The three things you need to know this week: Saudi drone strike takes out five percent of global crude output, repo markets sneeze and the Fed cuts rates.
Global Growth: The OECD lowered its 2019 global growth forecast again in September, to 2.9% from 3.2%, after downgrading the growth outlook four months ago. The 2020 growth forecast was lowered to 3% from 3.4%. The OECD argued weaker growth prospects reflect escalating trade policy tensions that are taking a toll on confidence and investment, adding to policy uncertainty and weighing on risk sentiment in financial markets. While monetary policy is expected to remain accommodative in advanced economies, the OECD called for more fiscal policy support.
Repo Squeeze: A scarcity of cash caused overnight repo levels to spike earlier in the week. While elevated overnight repo levels typically occur near quarter-end or year-end when dealer balance sheets are constrained, there were a confluence of events this week that led to the volatility. The main drivers were a corporate tax payment whereby money market investments that matured on the day the taxes were due were liquidated to pay the tax bill and not reinvested. At the same time, a significant amount of new issue Treasuries settled requiring cash to fund the purchases. The combined effect was a scarcity of cash in the system, which caused repo rates to spike. The Fed responded by injecting liquidity into the system and lowering the IOER and overnight repurchase rate by 30 bps at the Wednesday FOMC meeting to alleviate money-market strains.

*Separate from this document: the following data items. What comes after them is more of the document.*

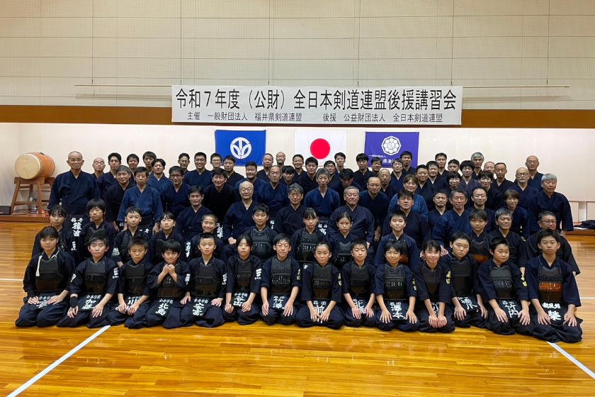 福井県剣道連盟は2025年11月2日(日)、福井県立武道館で、全日本剣道連盟より全剣連試合・審判委員の本名和彦先生(範士八段、茨城県)と安江正紀先生(教士八段、石川県)をお招きし、「令和7年度全日本剣道連盟後援講習会(試合・審判法)」を開催しました。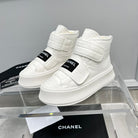 CC High Top Sneaker Thick-Soled White Rain Velvet Fabric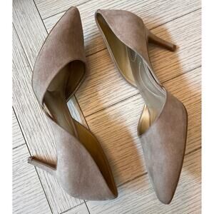 Bandolina tan suede like 3" heels. Textile upper. Sz 9 ladies.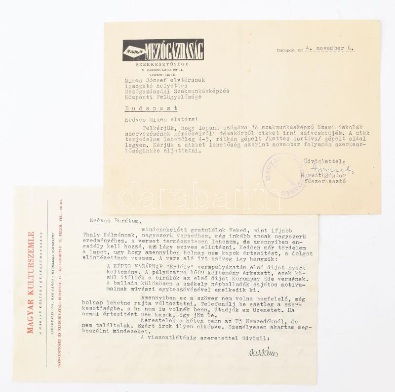 Leírás: 1941, 2 db szerkesztőségi levél Bak János (1913-1981): festőművész, grafikus Magyar Kultúrszemle c. lap. Horváth Sándor Mezőgazdaság c, lap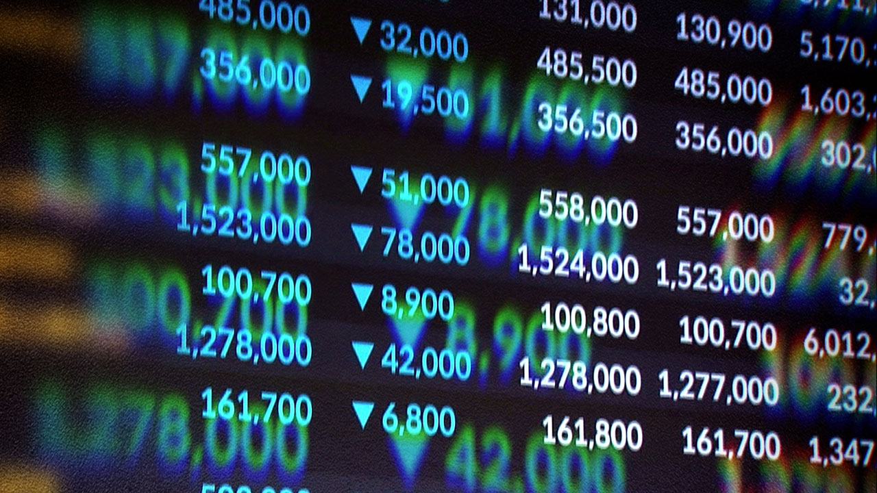 한국거래소 전광판이 주가 하락을 뜻하는 파란색으로 물들었습니다.

FOMC Meeting: The Fed cut the funds rate by 25 bps to a range of 1.75%—2.00%, as expected. The policy statement was little changed, although the vote was 7—3 to lower rates, with two members preferring no cut and one member seeking a 50 bps cut. The updated dot plot shows no further rate cuts for 2019 and 2020. Despite concern about the growth outlook, the median GDP projection for 2019 increased .1 to 2.2%, while the inflation target of 2% is not expected to be reached until 2021. The tone of the press conference was not as dovish as the market wanted, but Fed Chairman Jerome Powell said more extensive cuts may be needed if the economy weakens.